Un marché en apparence haussier, mais ralenti par la chute des transactions
Hausse des prix versus contraction des volumes : tel est le constat principal qui ressort des dernières statistiques tunisiennes. L’Indice national des prix de l’immobilier bâti a grimpé de 5,6 % sur un an au quatrième trimestre 2025. Pourtant, cette progression des valeurs ne reflète pas une reprise vigoureuse de l’activité : au contraire, le nombre d’actes enregistrés a reculé sur la plupart des segments.
Des ventes en net recul, un indicateur à surveiller
Entre le troisième et le quatrième trimestre 2025, les transactions corrigées des variations saisonnières ont diminué sur l’ensemble du marché résidentiel. Les appartements voient leur volume chuter de 4,9 %, les maisons de 2,4 % et les terrains résidentiels de 2,9 %. Cette combinaison — prix en hausse et nombre d’opérations en baisse — traduit une perte de liquidité : les biens continuent de s’évaluer à des niveaux élevés, mais un nombre croissant d’acquéreurs renoncent face aux conditions de financement ou aux attentes tarifaires des vendeurs.
Des territoires inégaux : le Sahel en tête
La dynamique n’est pas homogène sur le territoire. Les régions côtières du Sahel enregistrent la plus forte progression, tandis que l’agglomération de Tunis et d’autres zones marquent des évolutions plus timides, voire négatives.
- Sahel : +6,9 % sur un an (meilleure performance).
- Grand Tunis : +2,9 % (croissance modérée).
- Nord-Ouest : -1,1 % (repli).
| Catégorie | Variation (T4 2025 vs T4 2024) |
|---|---|
| Prix de l'immobilier bâti (indice national) | +5,6 % |
| Transactions — appartements | -4,9 % |
| Transactions — maisons | -2,4 % |
| Transactions — terrains résidentiels | -2,9 % |
Conséquences pour les acheteurs, les vendeurs et les investisseurs
Concrètement, pour un ménage ou un investisseur, la lecture du marché change : il faut désormais penser en termes de liquidité et de temps de vente. Une offre qui se maintient à des prix élevés dans un contexte de demande morose allonge les délais de transaction et augmente le risque de décote si la conjoncture se dégrade ou si les conditions de crédit se durcissent. Pour les promoteurs, la prudence est de mise ; les projets situés hors zones performantes comme le Sahel peuvent peiner à trouver preneur sans ajustement tarifaire ou commercial.
Lecture stratégique
Le paradoxe tunisien — des prix qui montent mais des ventes qui fléchissent — suggère que l’indicateur clé n’est plus seulement la valeur affichée mais la capacité à transformer un actif en cash. Les acteurs doivent suivre de près les volumes, les durées moyennes de mise sur le marché et l’évolution des conditions de financement pour anticiper un éventuel tassement des prix ou un réajustement des attentes des vendeurs.
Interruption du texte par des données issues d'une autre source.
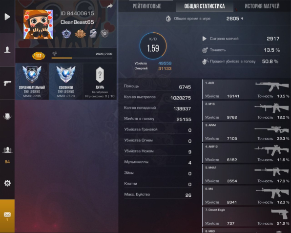 Звание: LegendКраткое описание: 🐉ПОЧТИ 3К ЧАСОВ ДАЙМОНД ВЕТЕРАН 21 ГОДА/ЭЛИТА 4-5 СЕЗОН/ДАБЛ ЛЕГА В ЭТОМ🐉
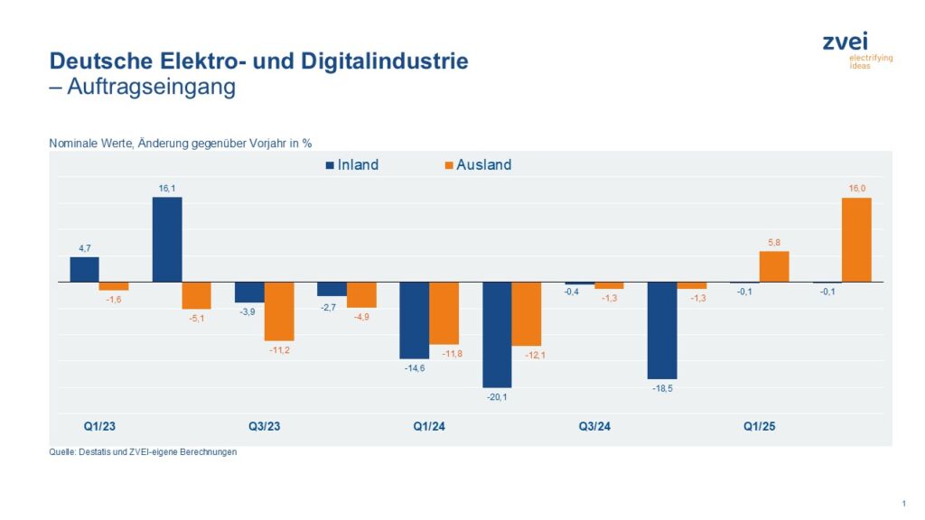 Im Juni konnte die deutsche Elektro- und Digitalindustrie abermals ein Plus bei den Auftragseingängen verbuchen. Insgesamt zogen sie hier um 10,3% gegenüber Vorjahr an. „Der zweistellige Zuwachs verdankt sich vor allem einigen Großaufträgen aus dem Ausland, wohingegen die Inlandsbestellungen um ein Fünftel hinter ihrem Vorjahreswert zurückblieben“, sagte ZVEI-Chefvolkswirt Andreas Gontermann. „So gaben die inländischen Bestellungen im Juni um 20,6% nach, während sich die Auslandsaufträge um 39,4% erhöhten. Dabei fiel der Anstieg bei den Orders aus Drittstaaten (+52,7%) deutlich kräftiger aus als bei jenen aus dem gemeinsamen Währungsraum (+12,6%). Das erste Halbjahr wurde mit einer Gesamtsteigerung bei den Bestellungen von 5,8% abgeschlossen. Die Orders aus dem Inland haben sich mit einem marginalen Rückgang von 0,1% zum gleichen Vorjahreszeitraum dabei kaum bewegt. Die Auslandsaufträge erhöhten sich hingegen von Januar bis Juni um 10,7%. Dabei war die Wachstumsrate mit 13,6% bei den Bestellungen von Kunden aus Drittstaaten mehr als doppelt so hoch wie bei Partnern aus der Eurozone, von denen immerhin 5,6% mehr Aufträge eingingen.
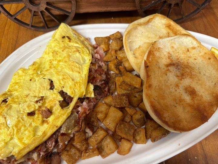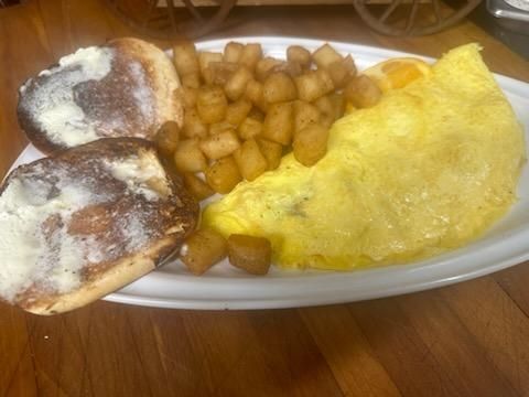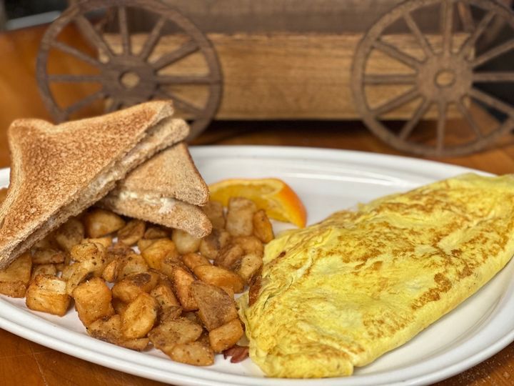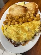 Plain omelet no cheese. Add-in: ham, sausage, bacon, Canadian bacon, turkey bacon, tomatoes, onions, mushrooms, spinach, peppers, corned beef hash $3, chili $3 or lox $7.99
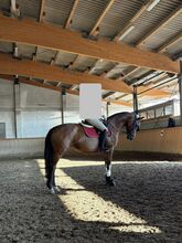 She is a sensitive, fine, approx. 1.69 m tall mare with three very nice gaits, expression and a pleasant forward movement. She has a bit of go, but always remains manageable and honest - she is not a horse that puts you down or is unfair. Nevertheless, she is not a beginner's horse, but more suitable for an experienced person at A or L level who no longer has any competition ambitions, but enjoys fine, gymnastic work and genuine partnership.
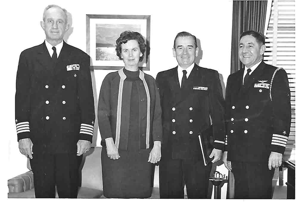 In 1946, John was sent to a bureaucratic office: the Coal Mine Administration in Chicago. President Harry Truman had ordered a federal takeover of coal mines after a devastating national strike by miners. McGuigan’s assignment seemed dull to him, setting up a filing system, but it was important organizationally. The high point was meeting his wife, Blanche, a Navy WAVES (Women Accepted for Volunteer Emergency Service) doing secretarial duties. They married on May 23, 1947. ““I give her so much credit,” John said. “I think about all the time I was away at sea, while she was raising a great family of five children.” John’s Navy duties put him in contact with three great Americans. He worked directly for Admiral Chester Nimitz, Pacific Fleet Commander in Hawaii. The Admiral had to walk through John’s office to get to his own office. John said the Admiral practiced pistol shooting every afternoon, In 1951, John was at the Pentagon where he was assigned to escort General Eisenhower. Ike took a liking to him and arranged for him to join Ike at as his job in Paris as the first head of NATO. However, by the time John was reassigned, Ike was running for President. So John headed up the US Navy contingency working under General Omar Bradley.
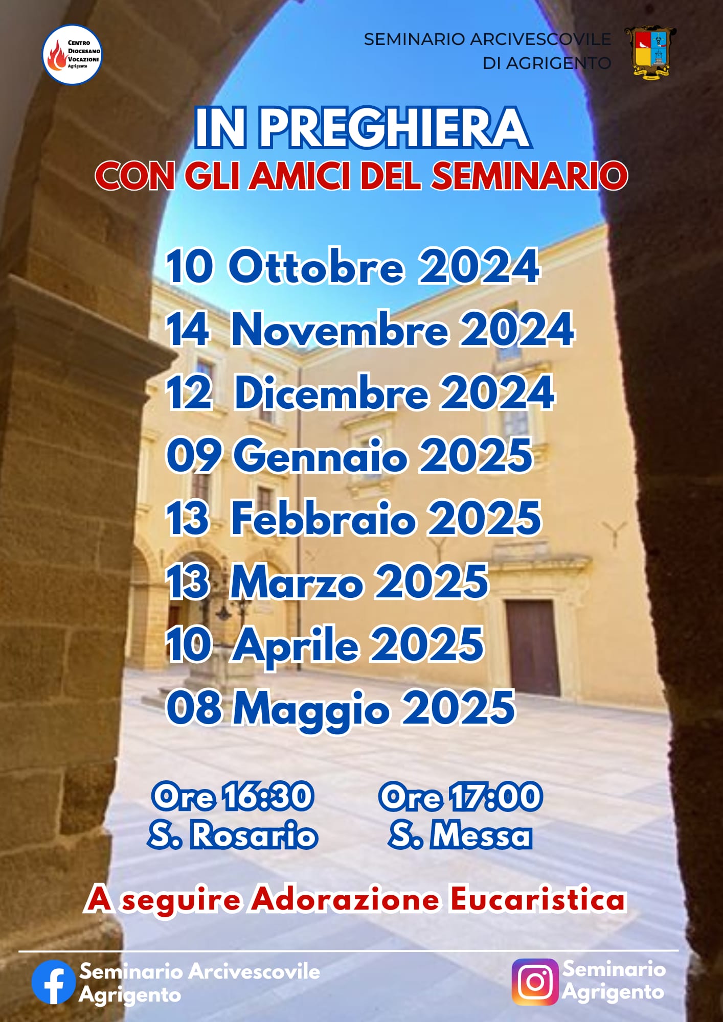 La Preghiera con gli amici del Seminario (vedi locandina) seguirà il seguente orario e calendario : Ore 15:30 Rosario; ore 17:00 S.Messa a seguire l’Adorazione Eucastistica.
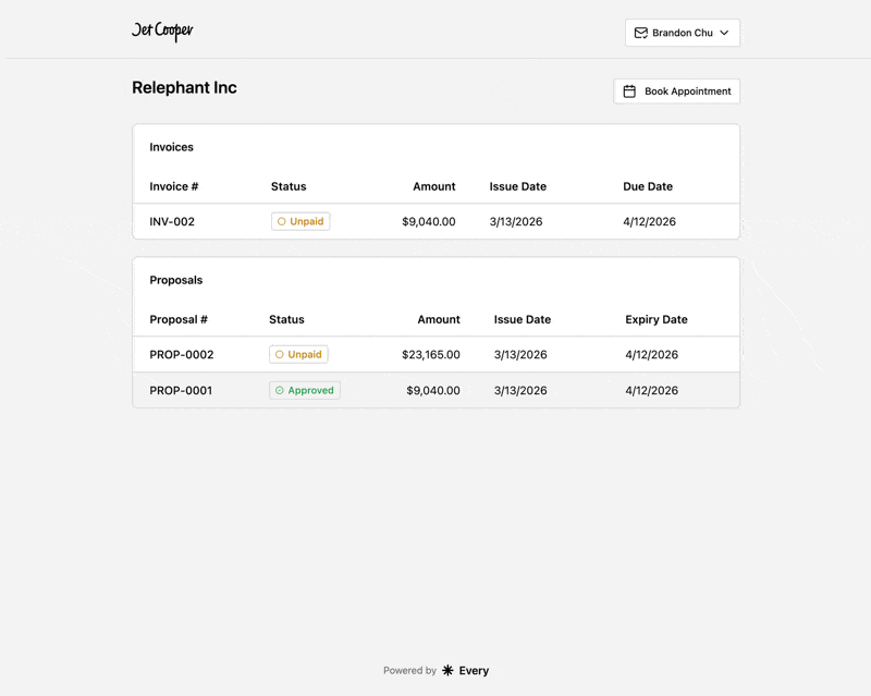 Full-service design agency — invoicing, proposals, booking, and client management.
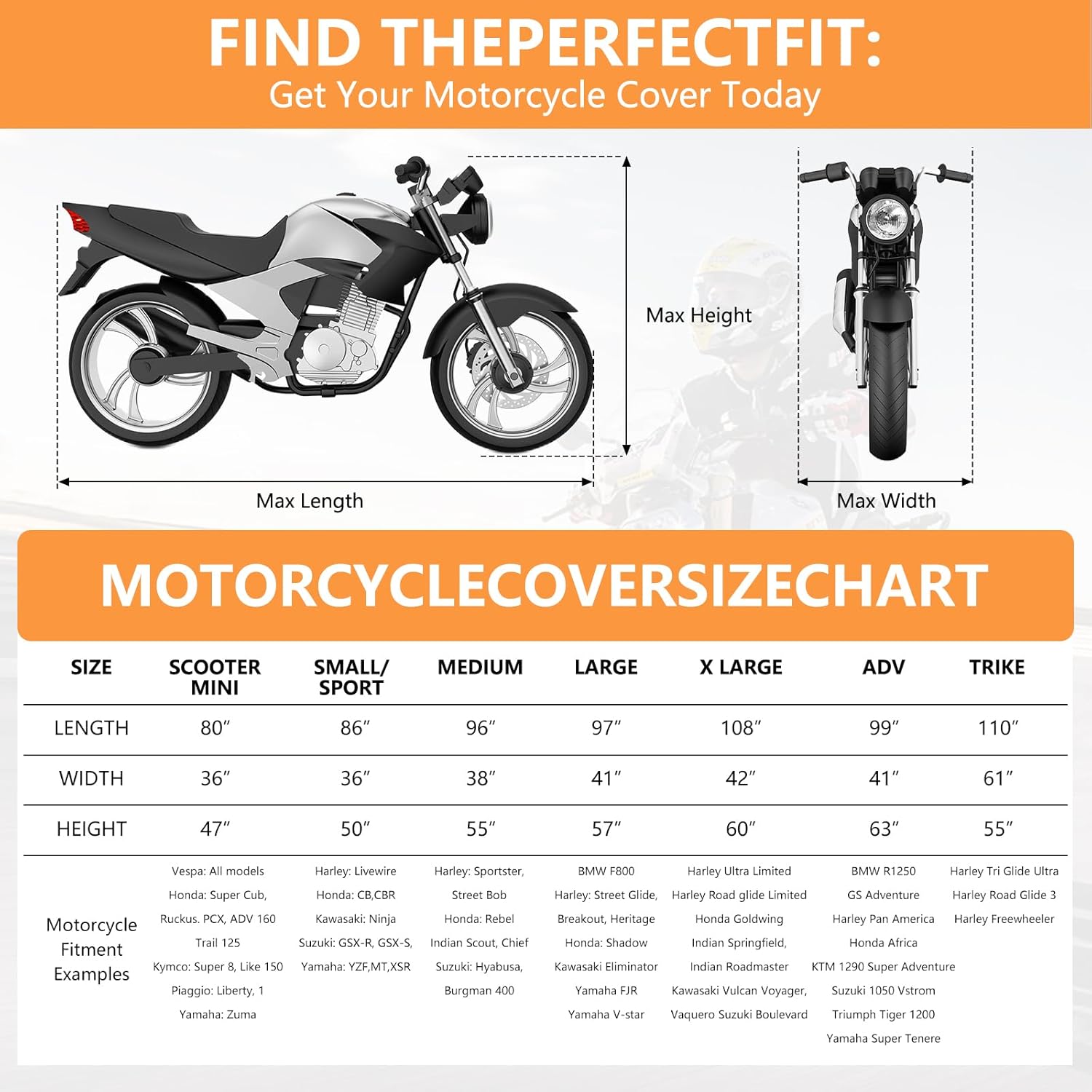 | Included Components | Heavy Duty Motorcycle Cover |
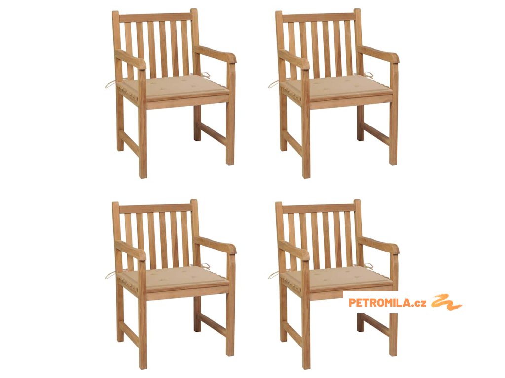 Zahradní židle 4 ks béžové podušky masivní teak
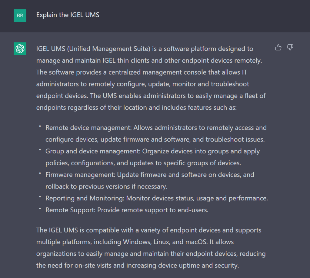 I also asked ChatGPT to “Explain the IGEL UMS”
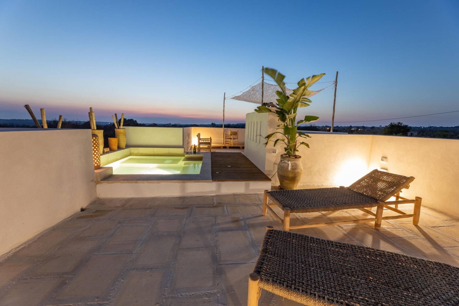 Ein weiteres Highlight des Ferienhaus Dolce Mare in Salve ist die große Dachterrasse. Auf dieser laden Sonnenliegen und ein weiterer Pool/ Whirlpool zum relaxen und abkühlen ein. Der Blick auf das Meer verzaubert den Nachmittag und den Urlaub zugleich.
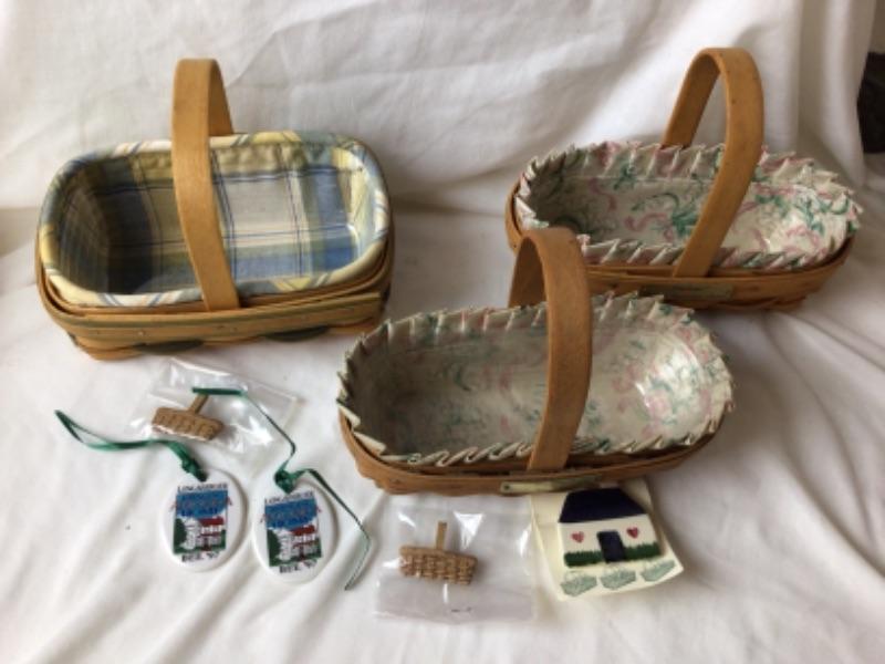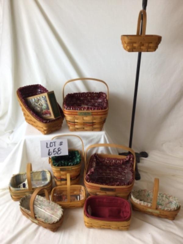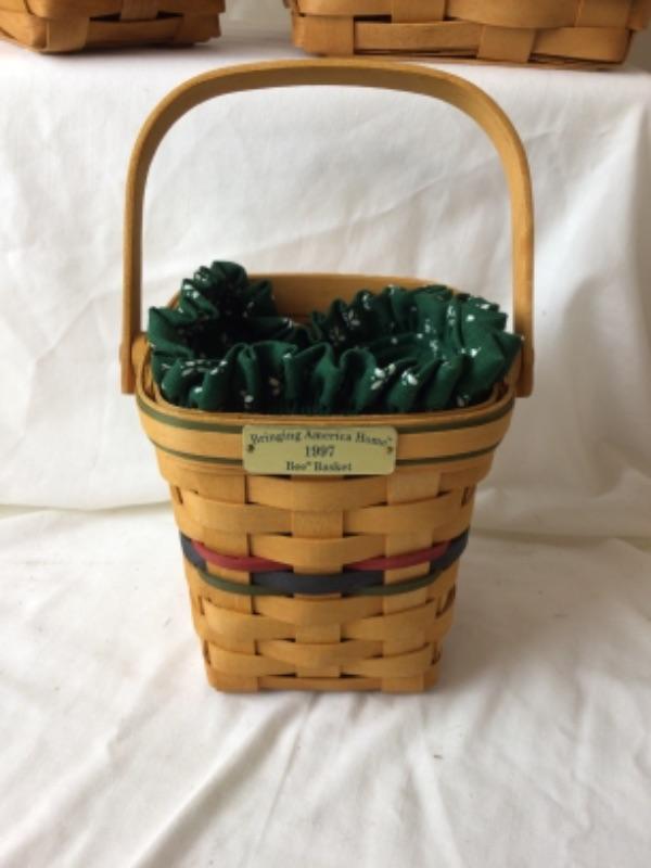 Longaberger Bee Baskets including two 1996 Light The Fire Within, one Imagine,2001 Achieve,Believe and one 1997 Bringing America Home. Two Longaberger Hostess Appreciation Baskets. One Sleighbell basket and more
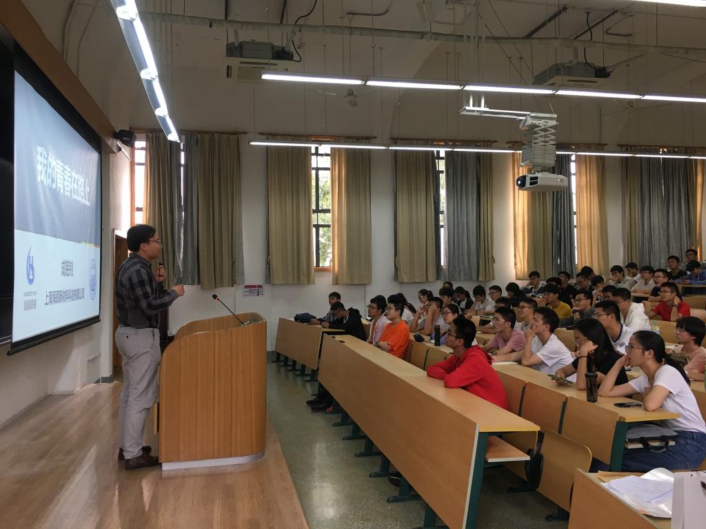 ,曾担任校学生会主席,在校期间荣获挑战杯全国特等奖等数多荣誉。他向同学们介绍了如何加入实验研究组的经验与方法,如何在校期间进行创新创业,以及参与挑战杯时期辛苦研究的日日夜夜。紧接着介绍到了他的创业生涯,他放弃保研机会,进入市场了解并积累资源与蓄积能量,创建上海海顾新材料科技有限公司。大学时期挑战杯的课题:水热固化海砂为低环境负荷的新型建筑材料,便是他创建公司的原动力。他说自己是一个爱折腾的人,想得到就应该能做得出来,做人要敢于实践。公司从建立到现在,经历三次转型,团队的不断尝试与改变,他们找到了最符合本公司的领域——聚焦淤泥处理。学长向同学们介绍如何将淤泥做成建筑材料,实现高性价比、高效资源、脱水-干化-资源一体化。通过模拟地下的成岩机理,利用水热技术将地下需要千百万年的成岩周期缩短至工业条件下的数小时。创业的酸甜苦辣,学长却乐在其中,深感他的责任与担当。讲座的最后,成学长送给同学们几句话,以此激励同学们在大学生活中勇于尝试,永不言弃。并且以过来人的经历告诉同学们,创业时期是一段人生中最绚丽的日子,同学们可加入创业小组或团队,通过一群人的力量,走得更高更远。趁青春,多去看看,让青春行走在路上!

Pour se situer : une hausse de 5,6 % des prix sans dynamisation des transactions est moins rassurante qu’un petit gain accompagné d’un fort flux d’acheteurs. Dans cette configuration, la tension sur la liquidité impose prudence et sélectivité aux acheteurs et une éventuelle révision des stratégies aux vendeurs et promoteurs.